Il coraggio intellettuale della verità e la pratica politica sono due cose inconciliabili in Italia

Il coraggio intellettuale della verità e la pratica politica sono due cose inconciliabili in Italia

giovedì 16 giugno 2011

Per una Costituente dei beni comuni


Il risultato dei referendum di domenica e lunedì scorso è la conferma di un profondo cambiamento che sta avvenendo nel paese e che già si era annunciato nelle elezioni amministrative. In questi giorni è stato sottolineato come i referendum segnalino la crisi organica delle destre, il declino di Berlusconi e l’attenzione sul nucleare suscitata dal disastro di Fukuscima. Il dato di fondo del referendum è però che il voto sull’acqua pubblica ci parla di una decisa inversione di tendenza dell’opinione pubblica del paese sulla questione delle privatizzazioni. Il tema dei beni comuni – a partire dall’acqua – è diventato la forma innovativa in cui si può parlare di pubblico.
Un pubblico qualificato dalla dimensione democratica e comunitaria e per questo non riconducibile in alcun modo alla stagione politica del clientelismo democristiano. Da questi referendum emerge inoltre una soggettività dei comitati e delle associazioni che ha costituito – insieme a pochissimi partiti, tra cui in primo luogo Rifondazione Comunista - il tessuto connettivo della raccolta delle firme prima e della campagna referendaria poi. All’interno di questo tessuto di partecipazione occorre poi sottolineare una straordinaria soggettività giovanile che riecheggia le forme di aggregazione e di partecipazione che abbiamo visto all’opera nel movimento altermondialista. Indubbiamente il risultato del referendum – come la straordinaria partecipazione giovanile verificatasi nella tornata amministrativa in alcune città - è il figlio legittimo della stagione di Genova e, proprio nel decennale, ne testimonia la natura tutt’altro che minoritaria.

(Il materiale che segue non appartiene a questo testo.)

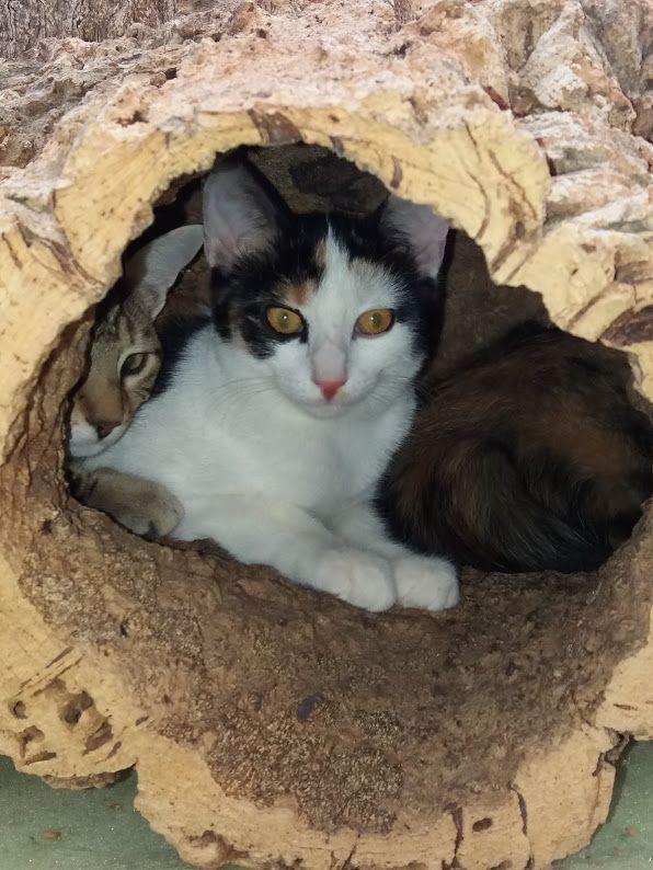 Unser Mädesltrio Sanja, Sabbia und Sushi kam im zarten Alter von ca. 4 Monatenim Juli 2019 zusammen mit ihrem Mami Finja zu uns. Die Katzenfamilie wurde auf einem Hof mit vielen vernachlässigten Katzen eingefangen. Da die drei Ladies lange sehr scheu waren, dauerte es lange, bis der passende Platz gefunden wurde. Am 27. Juni dieses Jahres war es dann endlich soweit und sie durften in ihr neues Zuhause umziehen. Suhsi und Sabbia haben sich schneller eingelebt, während die schon bei uns scheueste Sanja noch etwas mehr Zeit benötigt um Vertrauen zu fassen.

Per tutti questi motivi ieri abbiamo giustamente festeggiato un risultato straordinario che è destinato a incidere nel profondo sul paese. Non solo sul terreno governativo e del rapporto tra le forze politiche, ma sul complesso delle culture politiche e delle forme della partecipazione politica.
Occorre però, parimenti, avere la consapevolezza politica che il risultato dei referendum sull’acqua è tutt’altro che acquisito.
Mentre per quanto riguarda nucleare e legittimo impedimento il referendum è – per così dire – immediatamente esecutivo, non è così per l’acqua. Non a caso da parte del governo stanno già emergendo spinte ad aggirare il risultato della consultazione attraverso le realizzazione di Autority, proposte di regionalizzazione, discorsi stravaganti sulla necessità comunque di remunerare il capitale. Sull’acqua esistono enormi interessi materiali in gioco e i loro interpreti stanno già mettendo le mani avanti per cercare di salvare il salvabile. Peraltro questa spinta non arriva solo da destra visto che il Pd ha avuto la faccia tosta di riproporre, pari pari, la propria legge sull’acqua che è ispirata ad un indirizzo politico del tutto contrastante con i referendum.

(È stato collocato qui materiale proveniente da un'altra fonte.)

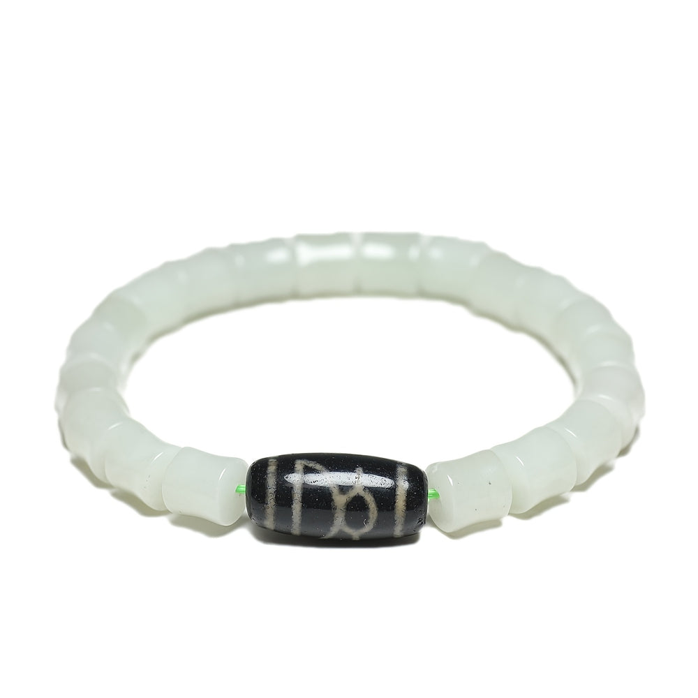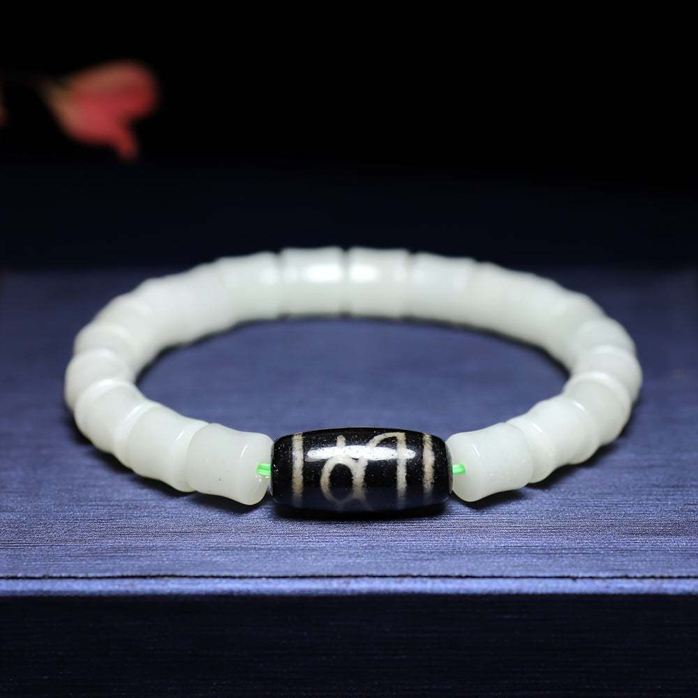 “The white jade and black agate with sky patterns promote harmony and spiritual connection, while the handcrafted design adds a touch of elegance - this bracelet is a must-have for anyone seeking both style and spiritual significance.”

Il primo problema che abbiamo è quindi quello di bloccare le manovre che cercano di aggirare gli effetti del referendum sull’acqua e di imporre l’unica soluzione coerente con la volontà espressa dagli elettori e cioè quella di approvare rapidamente in Parlamento la legge di Iniziativa popolare promossa dai Comitati per l’acqua pubblica.
Per fronteggiare questa offensiva tesa a riproporre in modo strisciante la privatizzazione occorre sviluppare subito una battaglia politica e culturale nel paese, così come si tratta di lanciare, a partire dai referendum, una campagna generale sui beni comuni che allarghi il dibattito e l’iniziativa dall’acqua al complesso dei “commons” che vogliamo demercificare e sottrarre alla logica della privazzazione e del profitto. E’ infatti evidente che i beni comuni ci parlano di una trasformazione sociale radicale, in cui il soddisfacimento dei bisogni primari del genere umano sia sottratto alla logica del mercato. In cui i valori d’uso non debbano trasformarsi in merci, per dirla con Marx. I beni comuni ci parlano della possibile uscita dalla crisi attraverso la costruzione di una sfera pubblica partecipata e democraticamente gestita, sottratta tanto alla rendita quanto al profitto.
Per queste ragioni, di battaglia politica immediata e di prospettiva, avanziamo la proposta di dar vita ad una Costituente dei beni comuni. Proponiamo di consolidare le relazioni costruite in questi anni e di costruirne di nuove per dar vita ad una rete tra tutti i soggetti – comitati, associazioni, partiti – che sono interessati a condurre questa battaglia politica e culturale. Lucarelli ha parlato di Manifesto dei beni comuni, noi parliamo di Costituente dei beni comuni. Il problema non sta nella parola ma nella volontà politica di dare un seguito a questa straordinaria mobilitazione sociale, a questo senso civico diffuso, a questo senso comune anticapitalista, vivificando attraverso la partecipazione dal basso la possibilità di costruire un’alternativa degna di questo nome. Per noi infatti, la lotta allo sfruttamento e l’allargamento dei beni comuni sono le due facce della stessa medaglia che vogliamo mettere al centro dell’azione politica. Lo faremo come parte di un movimento più ampio, quello che in questi mesi ha saputo coagulare intorno a sé energie, individuali e collettive, che parevano consegnate all’oblio, suscitando passione e mobilitazione. Dal dialogo aperto e disinteressato fra queste forze vitali che hanno saputo riformulare l’agenda della politica italiana, può venire la spinta decisiva ad un cambiamento profondo e la ripresa del cammino della democrazia.


di Paolo Ferrero

lunedì 13 giugno 2011

Si! Si! Si! Si! Una vittoria di tutti!!


Affluenza al 57%. I SI oltre il 95%. Solo poche settimane fa, nessuno avrebbe immaginato un trionfo simile. E invece l’allarme globale dell’apocalisse di Fukushima, il radicamento capillare dei comitati per l’acqua e il vento di cambiamento che ha spazzato via l’egemonia berlusconian-leghista alle ultime amministrative, hanno spinto i quattro quesiti referendari oltre la ghigliottina del quorum.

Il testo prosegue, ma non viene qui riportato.